Copy out the data from the line containing "QQ plots of" to its last line, exactly. No pictures.
---- Data provided
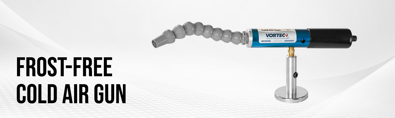 Vortec Frost-Free Cold Air Guns use vortex tube technology and filtered compressed air to produce
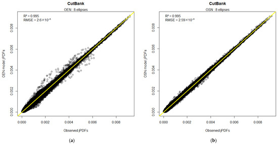QQ plots of observed and OEN model jPDFs for 8 ellipses at Cut Bank, MT, USA: (a) OEN model; (b) OSN model. The points are values of (kn−2) evaluated at 1 kn intervals for all MH. The thick yellow line represents 1:1 correspondence.
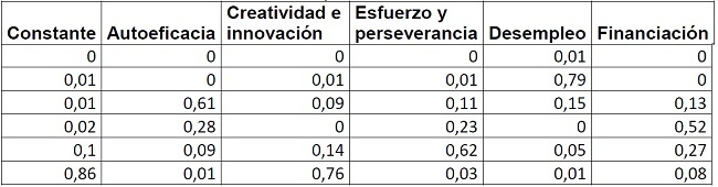 O lo que es lo mismo, la combinación de percepciones de deseabilidad y de viabilidad al emprendimiento. Siendo nuestro modelo capaz de detectar la combinación de factores necesarios para que un estudiante tenga un comportamiento emprendedor creíble.
--------
| Result |
QQ plots of observed and OEN model jPDFs for 8 ellipses at Cut Bank, MT, USA: (a) OEN model; (b) OSN model. The points are values of (kn−2) evaluated at 1 kn intervals for all MH. The thick yellow line represents 1:1 correspondence.
 O lo que es lo mismo, la combinación de percepciones de deseabilidad y de viabilidad al emprendimiento. Siendo nuestro modelo capaz de detectar la combinación de factores necesarios para que un estudiante tenga un comportamiento emprendedor creíble.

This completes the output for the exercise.